Un plaidoyer en réponse à la marche anxieuse du monde actuel, qui lui vient d’une vieille photo de la Sagrada Familia datant de 1925. « On y voit, de loin, le bâtiment s’ériger depuis un terre-plein, comme quelque chose qui soudainement émerge, arrive. Elle m’a profondément touchée parce qu’elle montre quelque chose qui vient, elle montre à celui qui la regarde que son présent est en train de se construire, qu’il y participe. Et je me suis demandé comment reproduire ça ici, quelque chose qui émerge dans une époque où tout semble fermé, où toutes les portes semblent closes ».
Poser des gourmandises
D’Antoni Gaudí, il s’est aussi inspiré pour dépasser les clivages entre sculpture et architecture, entre matériau noble et matière modeste. « Au Parc Güell, ce qui me fascine, c’est sa capacité à avoir pris des rochers, c’est-à-dire des objets dont la forme est totalement inadaptée à produire de l’architecture, et soudainement, à en faire des colonnes. Il a fait pousser sa capacité à embrasser le monde avec sa technique et son regard au point que même des cailloux sans vertu, il en a fait des colonnes à l’élégance incroyable ». Mais là s’arrête la filiation. Grégory Cortès n’a pas la prétention de concevoir des œuvres pour la postérité. Même si l’archi-sculpture monumentale imaginée à Saint-Cyprien lui a donné l’audace de penser encore plus grand, à l’avenir.

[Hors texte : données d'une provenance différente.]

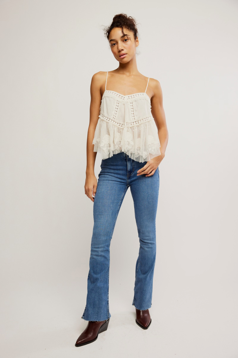 Oh-so dreamy in every way, this delicate cami from Intimately features all of our favorite femme details like a tiered tulle peplum, floral appliques, and delicate twisted straps. Pair with your favorite cropped sweater to add a fun touch of lace peeking through.
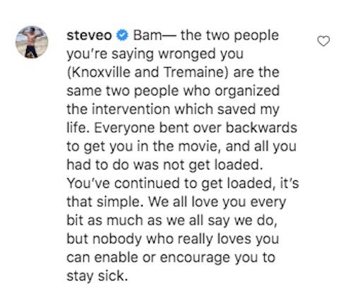 “Everyone bent over backwards to get you in the movie, and all you had to do was not get loaded,” Steve-O added. “You’ve continued to get loaded, it’s that simple. We all love you every bit as much as we all say we do, but nobody who really loves you can enable or encourage you to stay sick.”
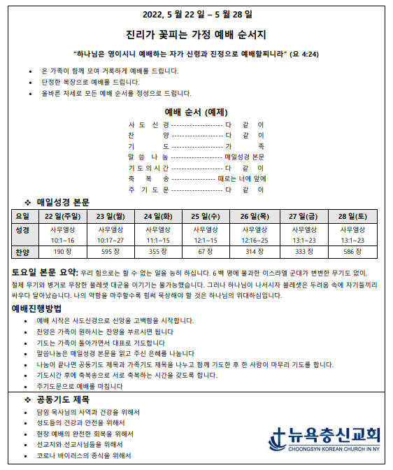 5월 4주차 가정예배지 May 22, 2022 0 Comment Post By:CSKC Share: Prev Next You Might Also Like 18 Oct 2025 0 10월 19일 주일예배 주보 11 Oct 2025 0 10월 12일 주일예배 주보 5 Oct 2025 0 한마음 10월 기도제목
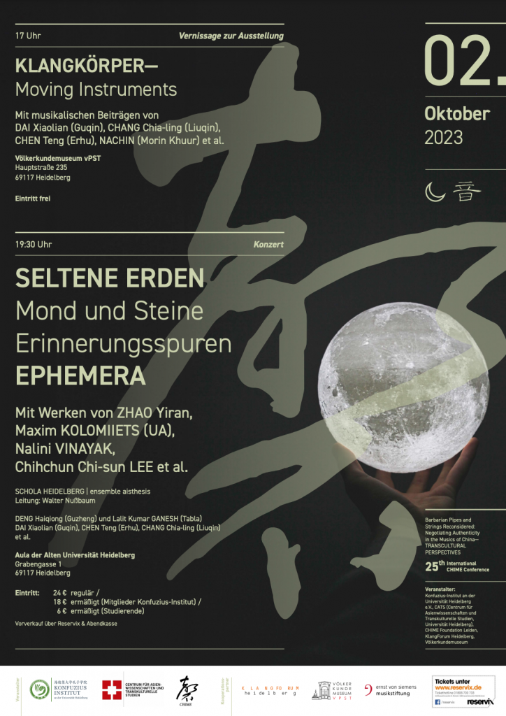 Genau 25 Jahre nach der letzten Internationalen CHIME (Chinese Music Research Europe) -Konferenz in Heidelberg, Barbarian Pipes and Strings veranstaltet das Centrum für Asienwissenschaften und Transkulturelle Studien (CATS) gemeinsam mit dem Konfuzius Institut und dem KlangForum Heidelberg eine Konferenz, die Chinas musikalische Praktiken aus transkultureller Perspektive neu betrachtet. Wie gefährlich, fremdartig oder (un)authentisch bestimmte musikalische Stile oder Instrumente wohl sind, und wem sie „gehören“, sind durchaus relevante Fragen in einem Land, wo Melodien, Instrumente und Klänge von „anderswo“ seit jeher zum „typischen“ Repertoire gehören. Kontroversen über Eigentums- und Urheberrechte an alten und neuen Volksliedern oder regionalen Opern und Klagen über Exotismus oder Selbstorientalismus spielen immer dann eine Rolle, wenn von unterschiedlicher Seite „Authentizität“ beansprucht, angefochten oder neu verhandelt wird. 5 Konzerte, die „Chinas“ vielfältige musikalische Praktiken—von der Guqin über die Tabla, vom Akkordion zur Morin Khuur, immer wieder neu reflektieren, begleiten die Konferenz. Zu hören sind wandelbare Klangkörper—Instrumente und Melodien, die ihre Form und ihren Klang auf ihren musikalischen Reisen, u.a. entlang der Seidenstraße verändern; seltene, ephemere Klangtexturen als Spuren musikalischer Erinnerung im transkulturellen Dialog, und schließlich eine fulminante Intervention von WANG Ying zu Gustav Mahlers “Das Lied von der Erde” (UA 1911), das als Ausnahmewerk in der Reihe der Sinfonien Gustav Mahlers, in der Tradition des musikalischen Exotismus steht. WANG stellt Mahlers Vertonung altchinesischer Lyrik in der Nachdichtung durch Hans Bethge eine Reihe von chinesischen Gegenwartsdichtern und ihre Erinnerungen an die Klänge chinesischen Protest-Rocks gegenüber und schließt so unseren dieser transkulturell gedachten „chinesischen“ Reise um die Erde.

« Moi, je pose des gourmandises, répète-t-il à l’envi, dans ce halo de sciure qui l’accompagne partout. Si d’aventure, par cette gourmandise formelle et chromatique, je parviens à décrocher un sourire aux gens, c’est gagné. S’il y a de la joie, de l’émotion, c’est gagné. Si je parviens à montrer que la beauté peut être drôle et avenante, c’est gagné. C’est pour ça que j’ai pensé ce lieu comme un décor de théâtre : par cette porte que l’on franchit, on entre dans une narration, dans laquelle tout est inventé. Parce que la culture est une fiction, ce n’est pas la nature, c’est artificiel, et c’est ce que j’essaye de montrer : tout naît de l’imaginaire et du travail ». Pour une fois qu’on nous encourage à être gourmands…
*Tout le matériau utilisé a été collecté par l’entreprise Sabaté et Boutan Valorisation.